A recent case in front of the Pennsylvania Supreme Court has clarified some timing parameters of non-compete agreements.

For a non-compete agreement to be binding, three standards must be met. The non-compete must be:

  • Supported by adequate consideration
  • Reasonable in time and geographic scope
  • Necessary to protect an employer’s legitimate business interest


An employee starting employment is considered adequate consideration. However, in some situations an employee may not sign a written non-compete agreement on or before the first day of work. In the recent case Rullex Co. v. Tel-Stream that addressed this, the Pennsylvania Supreme Court clarified the timing issue. The court held that an employee does not need to sign a non-compete agreement “precisely (or before) the first day of employment,” but there does need to be a “meeting of the minds” between the two sides on the terms of the non-compete agreement.

Non-compete agreements are enforceable absent fresh consideration, according to the ruling, “where the parties contemplated and intended that, incident to the employment relationship, the employee would be bound by its substantive terms – and the employee ultimately signed it shortly after the first day. This is in contrast with circumstances where a non-compete agreement is imposed on an employee essentially as a belated addition to the employment relationship.”

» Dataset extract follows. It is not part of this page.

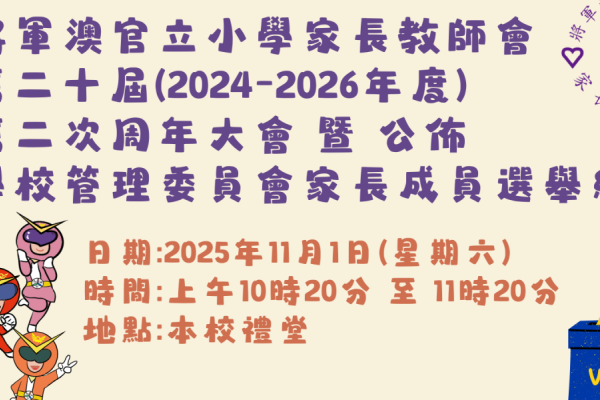 家長教師會 第二十屆第二次周年大會 暨 公佈 學校管理委員會家長成員選舉結果

In the Rullex case, the employee signed a non-compete agreement at least two months after he started working for the company. The employer argued there was a meeting of the minds at the time the employee started working and thus there was consideration to support the non-compete agreement. The court disagreed, finding there was no meeting of the minds between the parties because when the employer gave the agreement to the employee, the employer gave the employee an opportunity to take it home and review it, hire a lawyer to review it and propose any changes to the employer. The court ruled that while it shows effort from the employer, it was not a true “meeting of the minds.”

To avoid any issues with consideration, the best practice continues to be to have a non-compete agreement signed on or before the first day of employment. To avoid any potential problems with having an employee sign a non-compete agreement on or before the first day of employment, it is recommended that an employer include the substantive terms of the non-compete agreement in an offer letter that would then be signed by the prospective employee.